*Task directions*: The output should match, line for line, the records from the line containing "Karva Chauth: मुख्यमंत्री" through the line containing "Filtro neutralizzante per", with every picture left out.
---------- Provided material ----------
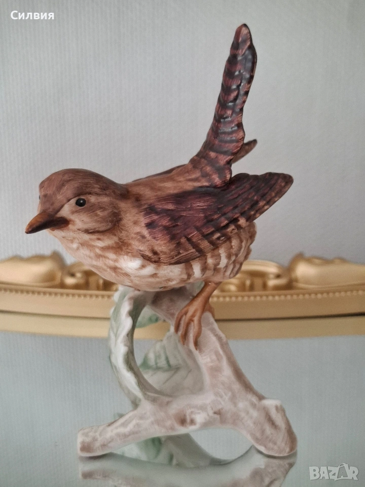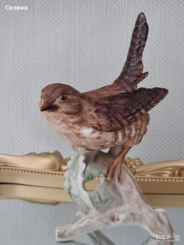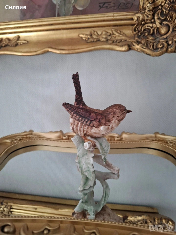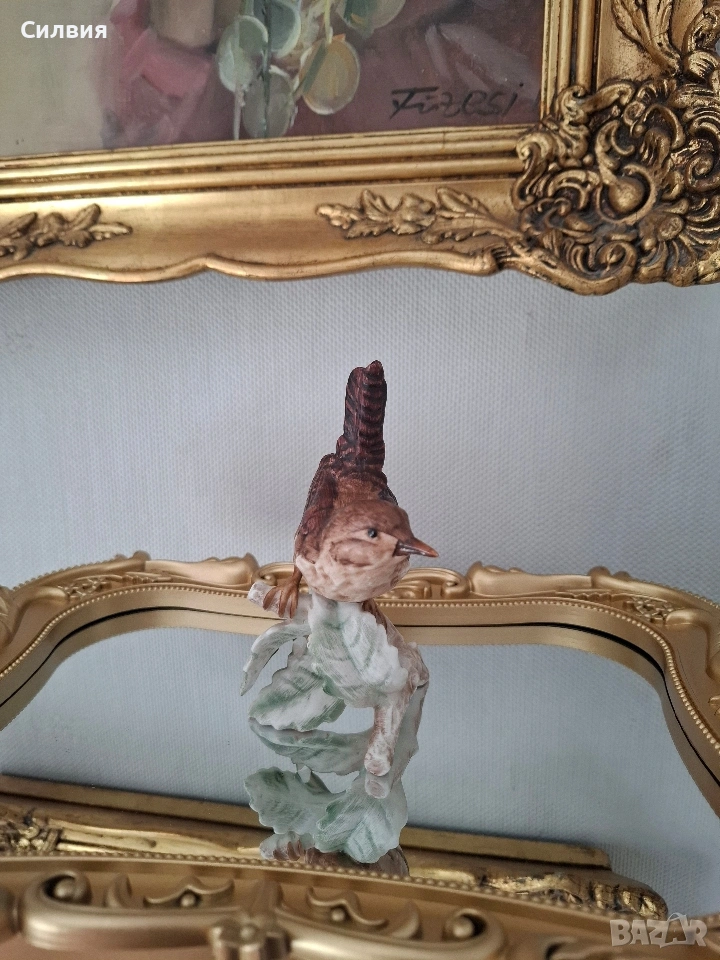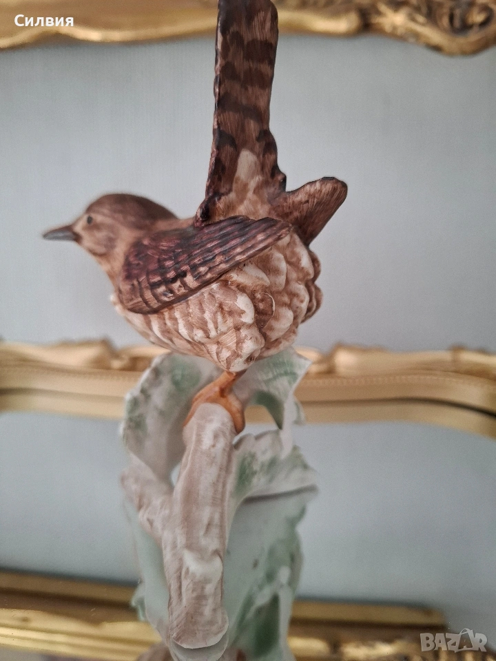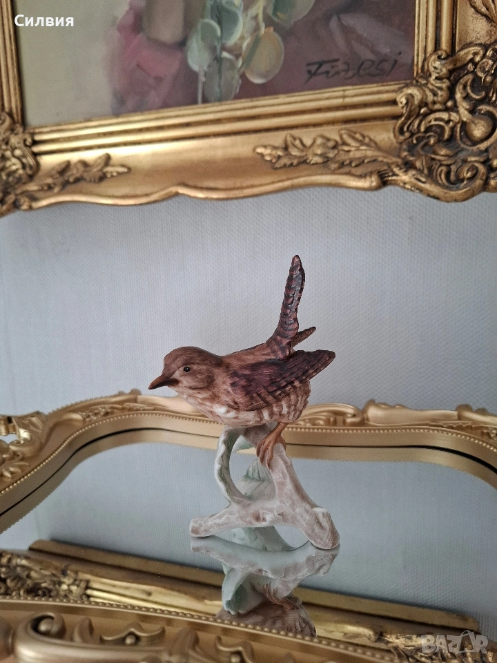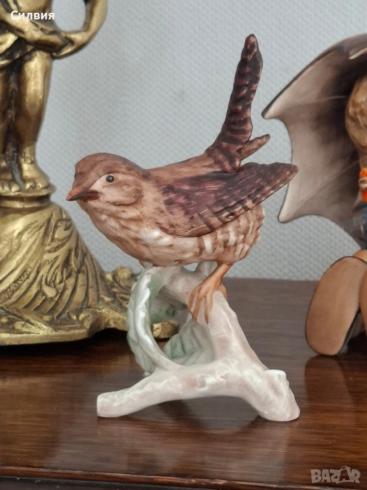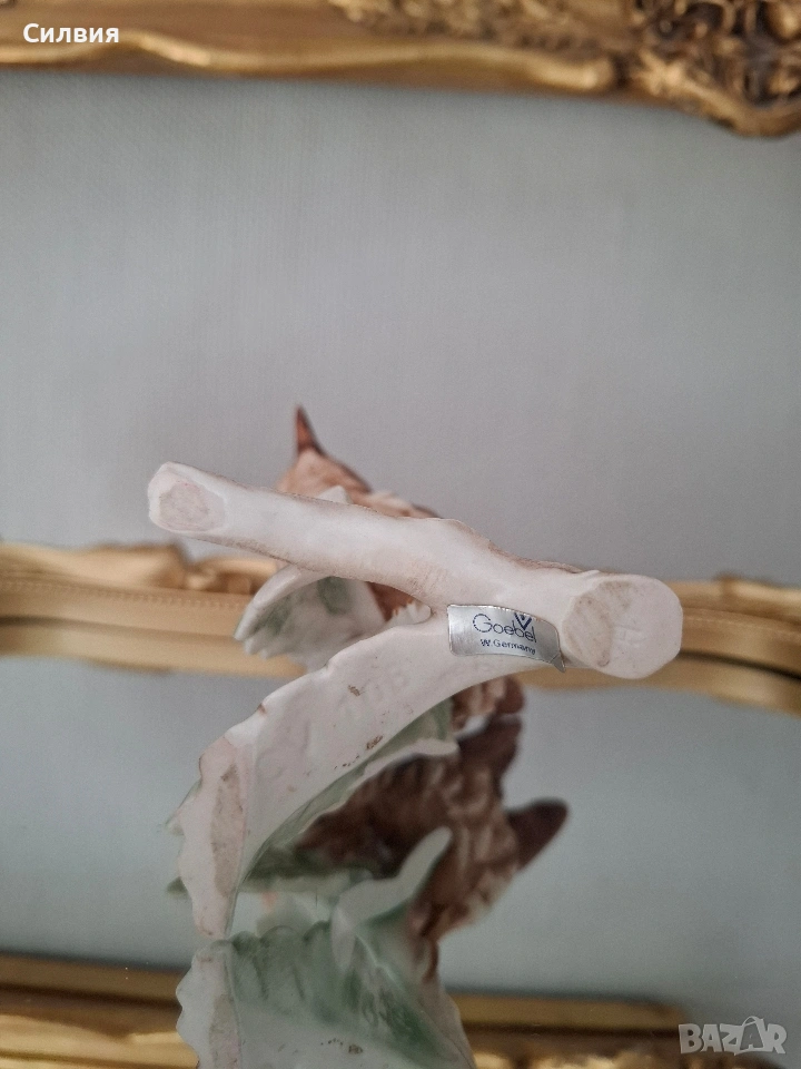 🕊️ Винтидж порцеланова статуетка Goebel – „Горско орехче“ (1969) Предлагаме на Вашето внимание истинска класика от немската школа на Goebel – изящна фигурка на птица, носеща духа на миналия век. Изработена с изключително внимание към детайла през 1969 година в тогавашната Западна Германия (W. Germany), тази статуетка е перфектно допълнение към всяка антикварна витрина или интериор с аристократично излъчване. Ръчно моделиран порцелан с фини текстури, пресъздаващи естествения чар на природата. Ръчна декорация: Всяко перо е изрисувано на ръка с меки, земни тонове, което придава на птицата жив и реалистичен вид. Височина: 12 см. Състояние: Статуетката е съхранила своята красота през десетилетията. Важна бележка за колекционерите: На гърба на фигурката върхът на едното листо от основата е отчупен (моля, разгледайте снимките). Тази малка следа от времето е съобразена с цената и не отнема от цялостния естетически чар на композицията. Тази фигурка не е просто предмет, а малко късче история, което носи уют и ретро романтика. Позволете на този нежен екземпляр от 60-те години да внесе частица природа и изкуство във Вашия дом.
----------
---------- Provided material ----------
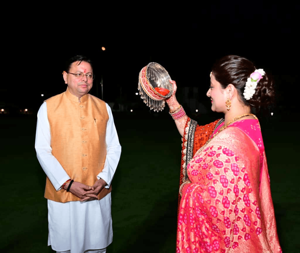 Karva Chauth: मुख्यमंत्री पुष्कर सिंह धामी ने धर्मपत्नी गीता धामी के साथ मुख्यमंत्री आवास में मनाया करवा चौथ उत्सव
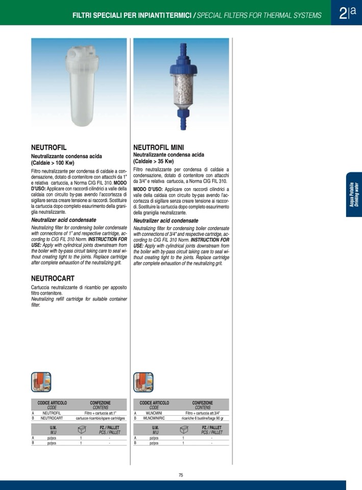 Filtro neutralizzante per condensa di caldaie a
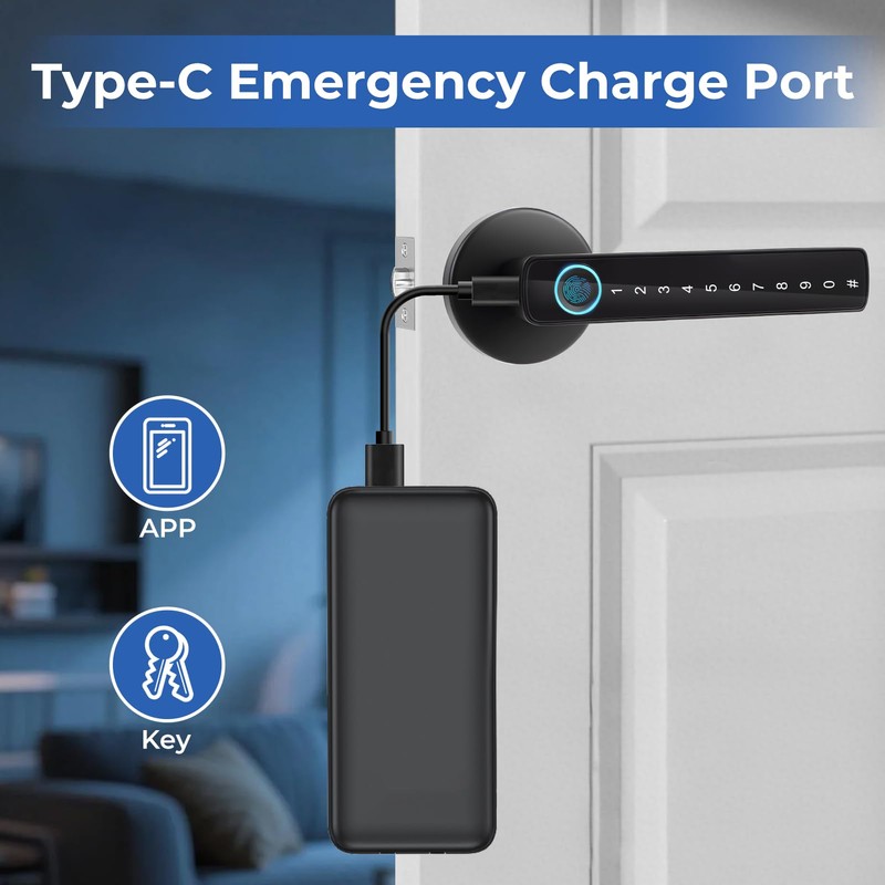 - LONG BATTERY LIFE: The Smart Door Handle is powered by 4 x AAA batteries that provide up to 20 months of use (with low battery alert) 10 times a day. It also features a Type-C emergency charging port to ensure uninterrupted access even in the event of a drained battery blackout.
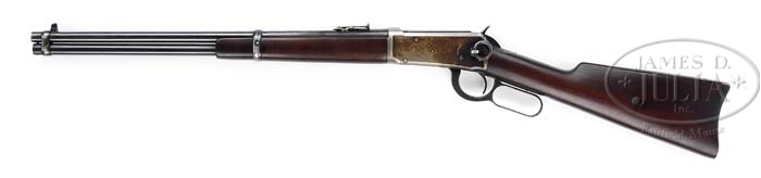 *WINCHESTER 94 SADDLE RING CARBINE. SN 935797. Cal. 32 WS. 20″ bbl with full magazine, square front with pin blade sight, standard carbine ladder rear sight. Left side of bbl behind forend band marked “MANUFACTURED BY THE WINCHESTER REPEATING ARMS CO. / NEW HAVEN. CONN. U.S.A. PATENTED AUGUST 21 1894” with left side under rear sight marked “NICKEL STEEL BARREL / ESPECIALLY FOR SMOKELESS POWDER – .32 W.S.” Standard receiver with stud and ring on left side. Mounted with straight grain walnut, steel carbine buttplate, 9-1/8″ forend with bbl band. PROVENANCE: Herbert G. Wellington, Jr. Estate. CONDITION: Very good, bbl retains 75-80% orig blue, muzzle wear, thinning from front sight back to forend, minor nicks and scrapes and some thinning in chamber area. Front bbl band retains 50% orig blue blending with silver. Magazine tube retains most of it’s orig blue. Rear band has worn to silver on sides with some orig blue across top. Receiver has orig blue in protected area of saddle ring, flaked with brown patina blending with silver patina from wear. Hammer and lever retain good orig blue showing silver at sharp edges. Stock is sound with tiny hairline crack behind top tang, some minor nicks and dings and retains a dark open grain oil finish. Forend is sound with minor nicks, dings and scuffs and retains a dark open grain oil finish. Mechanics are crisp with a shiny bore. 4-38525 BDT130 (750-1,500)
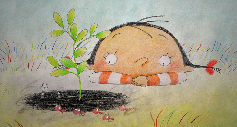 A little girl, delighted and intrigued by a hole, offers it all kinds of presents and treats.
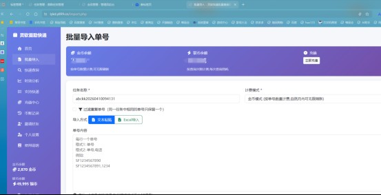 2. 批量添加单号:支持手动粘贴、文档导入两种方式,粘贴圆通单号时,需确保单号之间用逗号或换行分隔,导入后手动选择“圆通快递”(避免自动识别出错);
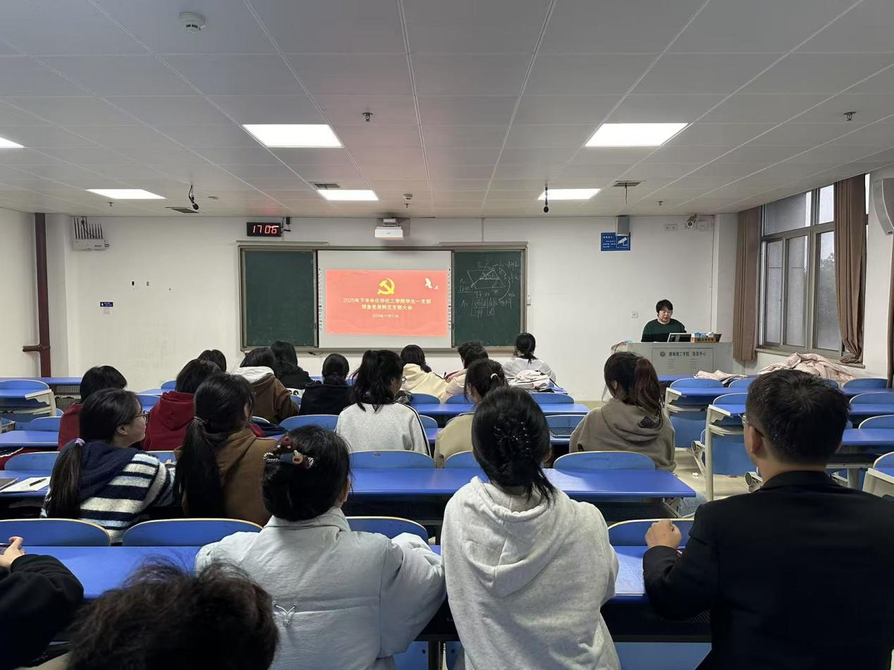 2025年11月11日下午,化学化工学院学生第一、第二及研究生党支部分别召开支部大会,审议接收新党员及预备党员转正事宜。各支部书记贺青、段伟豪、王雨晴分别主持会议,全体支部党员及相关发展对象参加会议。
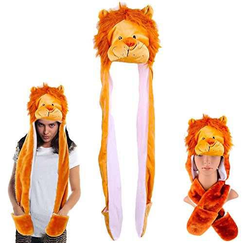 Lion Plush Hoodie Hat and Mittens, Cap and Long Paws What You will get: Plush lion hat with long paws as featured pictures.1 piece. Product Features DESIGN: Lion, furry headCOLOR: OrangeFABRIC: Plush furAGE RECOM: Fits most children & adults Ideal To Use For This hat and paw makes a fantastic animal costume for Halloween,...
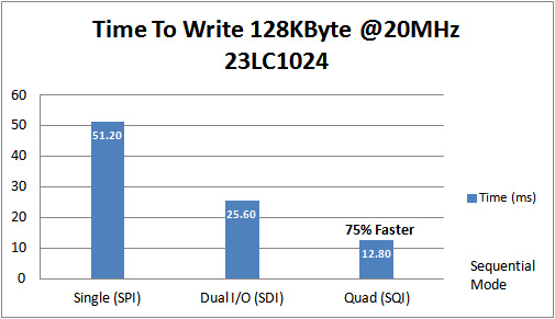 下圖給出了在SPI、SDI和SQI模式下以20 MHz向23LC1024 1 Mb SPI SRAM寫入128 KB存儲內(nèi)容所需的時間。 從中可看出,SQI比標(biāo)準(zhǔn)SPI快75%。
----------
---------- Provided material ----------
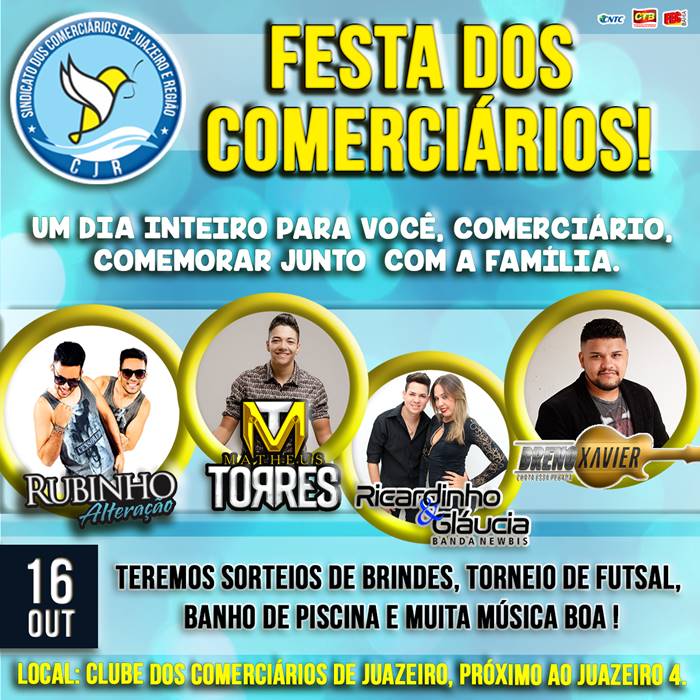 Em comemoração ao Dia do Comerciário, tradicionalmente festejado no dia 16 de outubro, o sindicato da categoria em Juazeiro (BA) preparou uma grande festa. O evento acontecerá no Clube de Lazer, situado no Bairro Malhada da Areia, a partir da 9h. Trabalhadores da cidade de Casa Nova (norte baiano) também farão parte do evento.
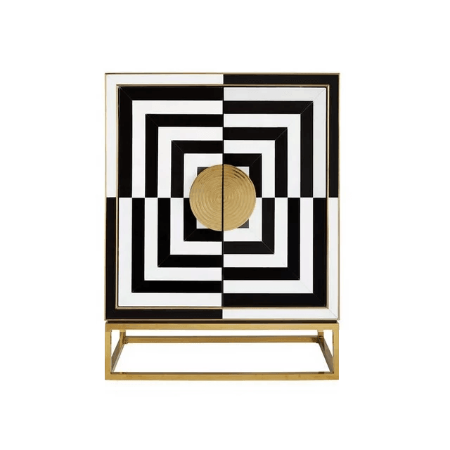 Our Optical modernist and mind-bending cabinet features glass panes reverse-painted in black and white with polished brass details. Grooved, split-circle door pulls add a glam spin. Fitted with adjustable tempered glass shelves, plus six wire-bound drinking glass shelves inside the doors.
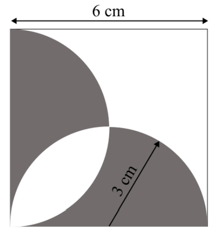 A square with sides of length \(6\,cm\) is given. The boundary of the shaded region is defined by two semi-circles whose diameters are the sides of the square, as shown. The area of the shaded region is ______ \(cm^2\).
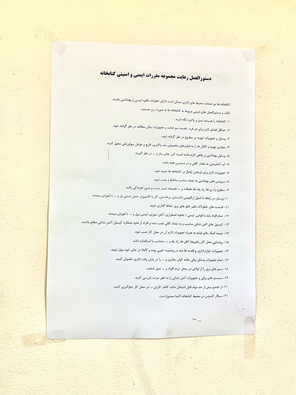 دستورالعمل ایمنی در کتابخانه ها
----------
*Exercise answer*:
 Karva Chauth: मुख्यमंत्री पुष्कर सिंह धामी ने धर्मपत्नी गीता धामी के साथ मुख्यमंत्री आवास में मनाया करवा चौथ उत्सव
 Filtro neutralizzante per condensa di caldaie a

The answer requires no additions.